English nobleman and knight (c. 1445–1469)

Sir John Woodville (c. 1445 – 12 August 1469) was the third son and seventh child of Richard Woodville, 1st Earl Rivers, and Jacquetta of Luxembourg.

==Marriage==
In January 1465, Woodville's sister, Elizabeth, queen consort of King Edward IV of England, procured his marriage to Katherine Neville, Dowager Duchess of Norfolk, who was aunt to the powerful Richard Neville, Earl of Warwick. As the duchess was about 65 years of age at the time and Woodville was only 19, the marriage was seen by all, particularly Warwick, as an indecent grasp for money and power by the Woodville family. One chronicler described it as a "maritagium diabolicum" (the diabolical marriage).

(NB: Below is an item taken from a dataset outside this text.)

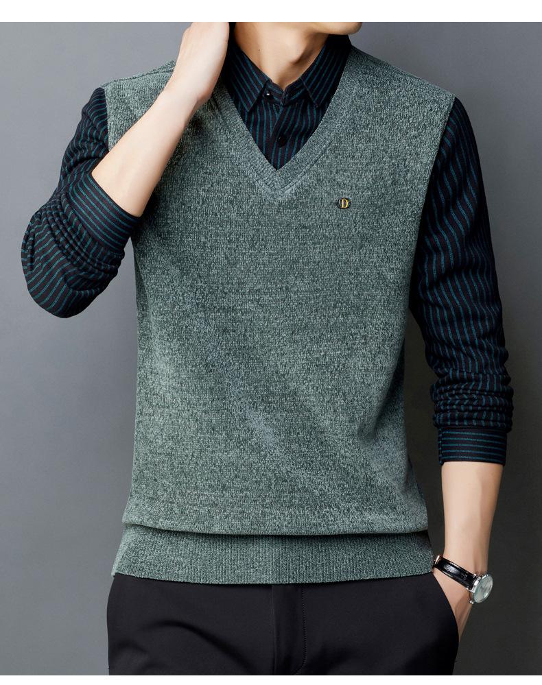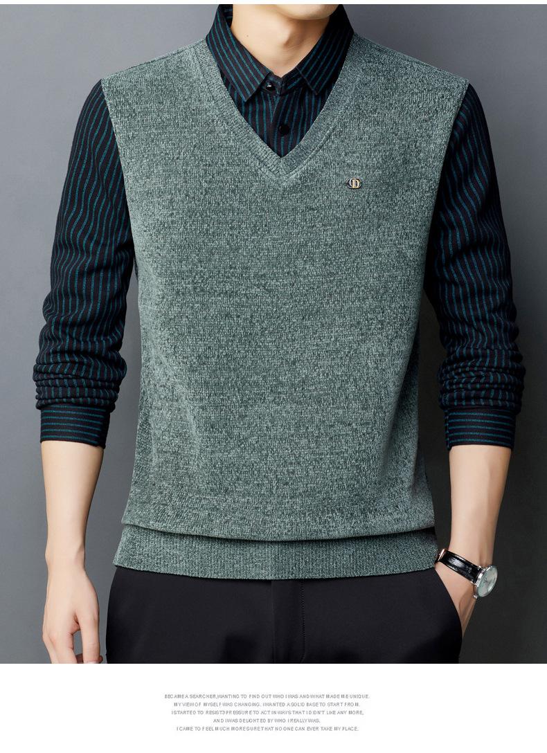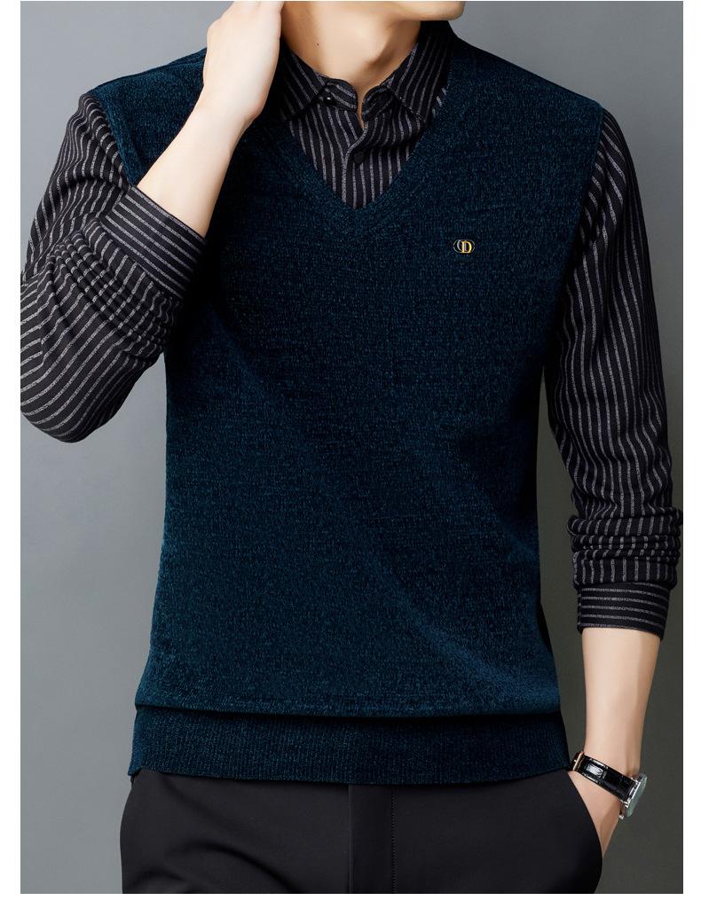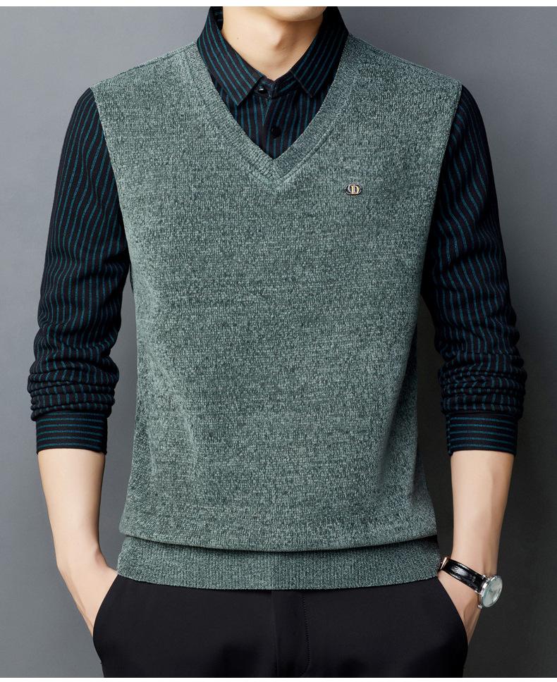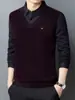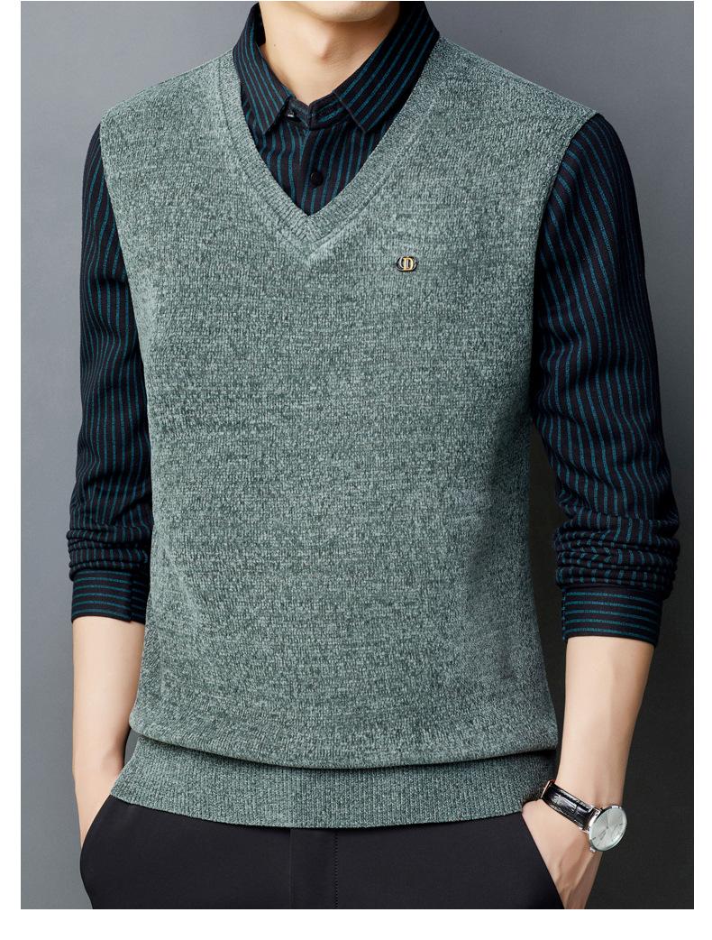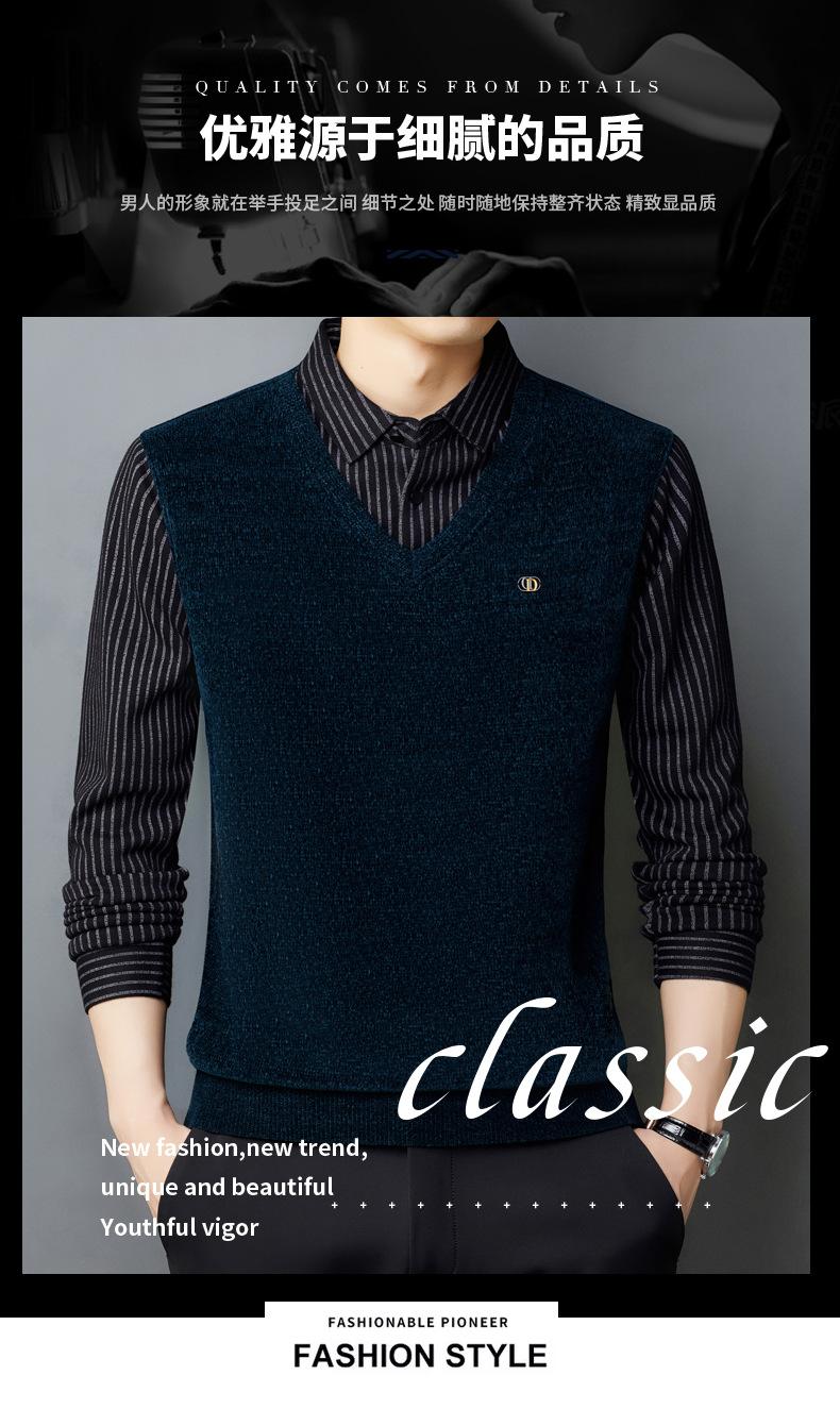 Suéter para Hombre Otoño e Invierno Tejido de Punto Falso de Dos Piezas Camisa de Cuello para Mediana Edad y Adulto Mayor Forrado de Felpa Engrosado Transfronterizo Cálido Camiseta Base

The same year, Woodville was made a Knight of the Bath by his brother-in-law, the king.

==Warwick's rebellion==
In 1469, Woodville and his father accompanied the king on a march north to put down what was thought to be a minor rebellion supporting Edward's brother, the Duke of Clarence, as the legitimate king. Before they met the rebels, both Clarence and Warwick announced their support for the rebellion; by the time the king met the rebels, the rebel force was far stronger than his. In a parley, the rebels told the king that they had no fight with him, but advised him to distance himself from the Woodvilles. In no position to argue, the king sent the Woodville party away.

==Capture and execution==
Woodville and Rivers went first to the Rivers house at Grafton and from there made their way west towards Wales. They were captured by Warwick's men on the western bank of the Severn and taken to Coventry in Warwickshire. Before leaving Calais to support the uprising, Warwick had published a manifesto citing the Woodvilles in general and the earl and John Woodville specifically as his reason for supporting Clarence against the king. The publication of this manifesto was deemed by Warwick to justify the execution of Rivers and his son. They were beheaded on 12 August at Kenilworth and their heads placed on spikes above the gates of Coventry. Woodville died childless.